The third incident had the most real-world impact. Thanks to @ec_unoxx's summary, the trader is @poliedge100, Teacher Little Alligator.

A contract centered on "whether Israel would strike Gaza before a specific deadline"上演了一场 (staged) an extremely "scripted" price washout in the tail-end phase临近到期 (approaching expiration).

Initially, the market widely believed the probability of a large-scale strike before the deadline was limited, with the "No" price staying in the high range of 60%–80% for a long time. As time passed, "nothing happening" itself seemed to continuously reinforce the validity of "No".

Then came the familiar rhythm: pre-dawn hours +舆论攻势 (public opinion offensive) + panic selling.

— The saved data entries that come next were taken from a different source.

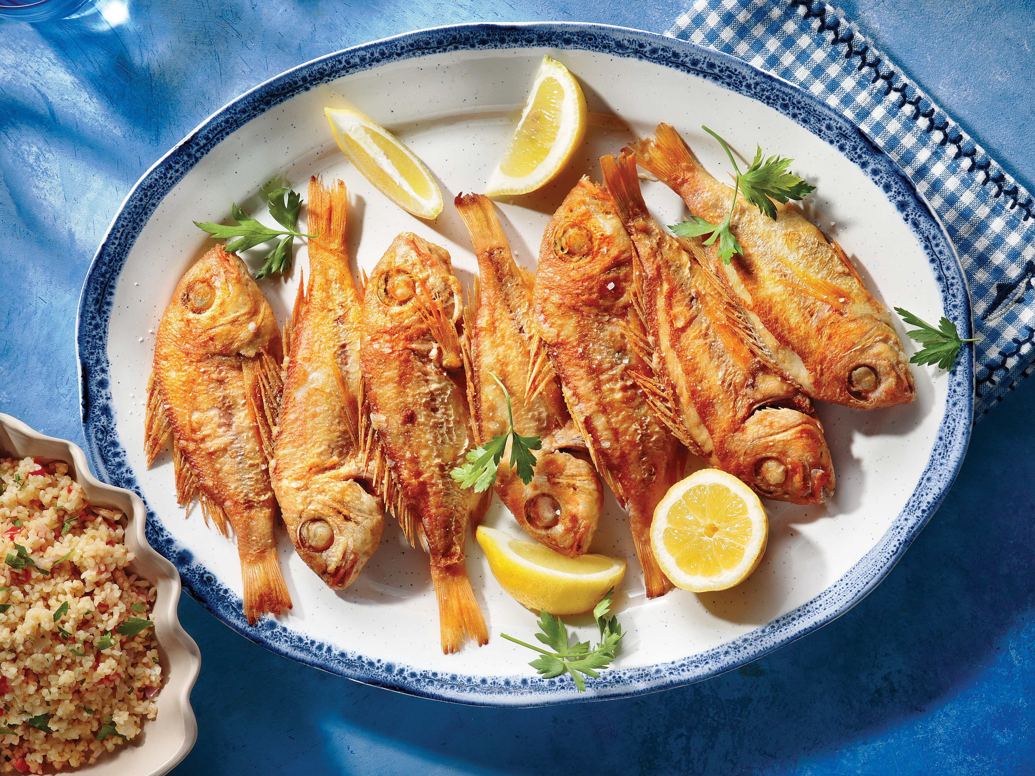• 4 φρέσκα ψάρια (μπακαλιάρο ή κέφαλο)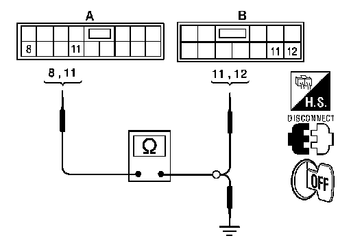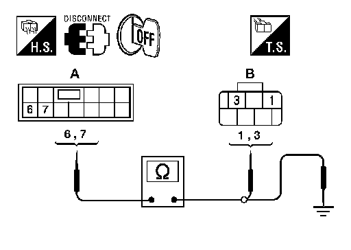 2. Check continuity between main power window and door lock/unlock switch and power window connector (A) and door lock/unlock switch RH connector (B).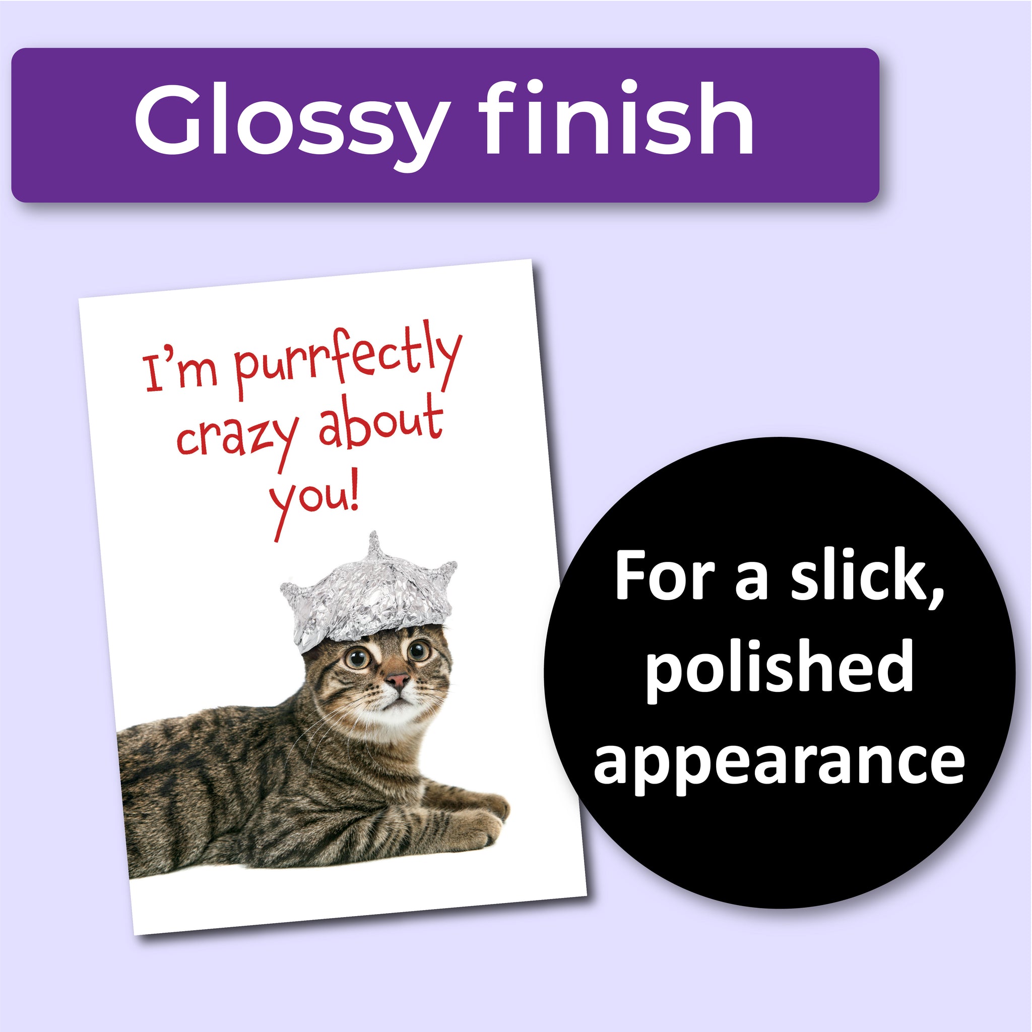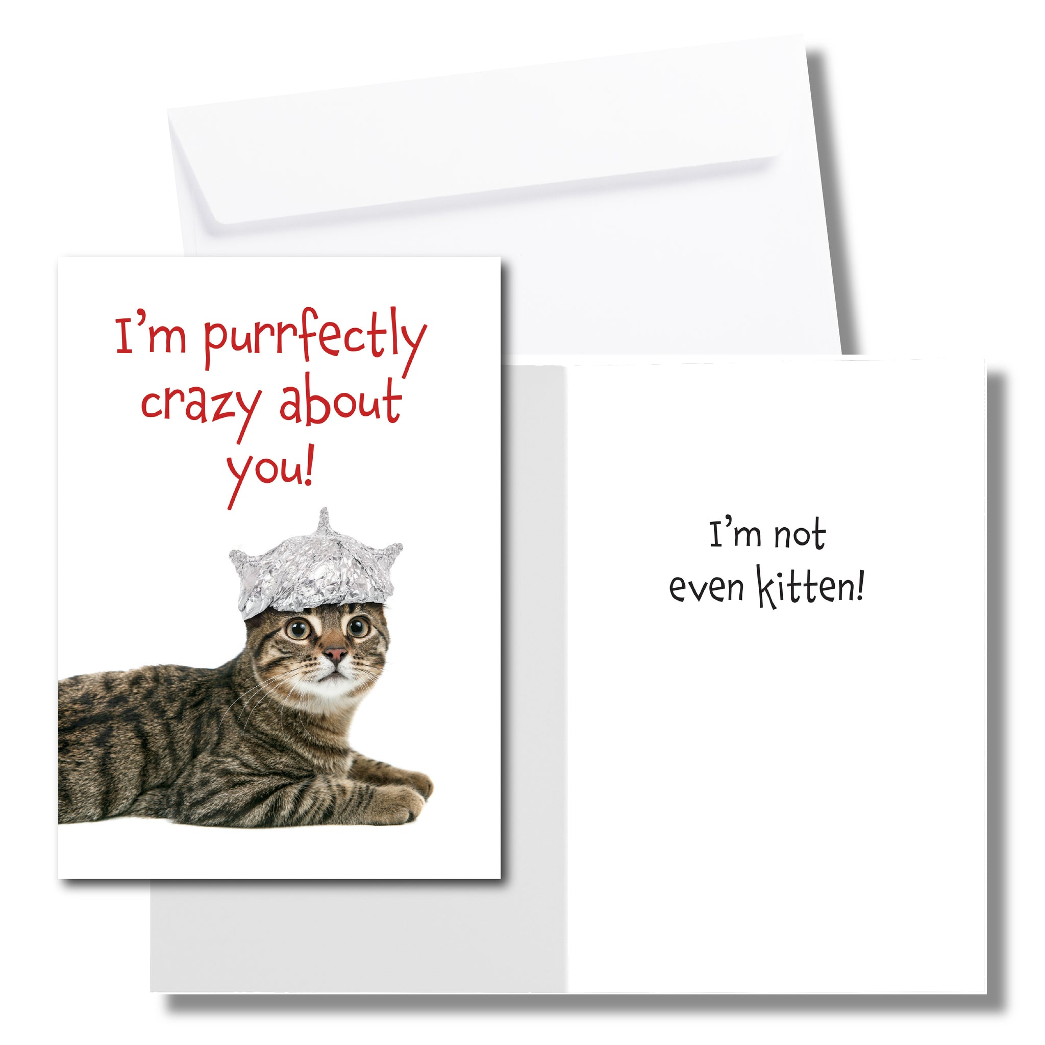 This hilarious cat-themed greeting card is purrfect for animal lovers! Featuring a cute kitty in an aluminum foil hat and the playful message “I’m purrfectly crazy about you!”, this card is guaranteed to bring a smile. The inside follows up with “I’m not even kitten!”—ideal for anyone with a sense of humor.

  • In the platform's comments section, the "Yes" side began密集张贴 (intensively posting) unverified screenshots, local media links, even old news, creating a narrative atmosphere of "the strike has already happened, just the major media is slow to react."
  • Simultaneously, large sell orders appeared on the order book, actively breaking through (smashing through) the support for "No", pushing the price down to the "junk zone" of 1%–2%.

For holders极度依赖情绪 (extremely reliant on emotion) for information, this series of actions was enough to create an "endgame illusion":

"Since someone is selling off to escape, and the comments are all saying it happened, it must be that I missed the news."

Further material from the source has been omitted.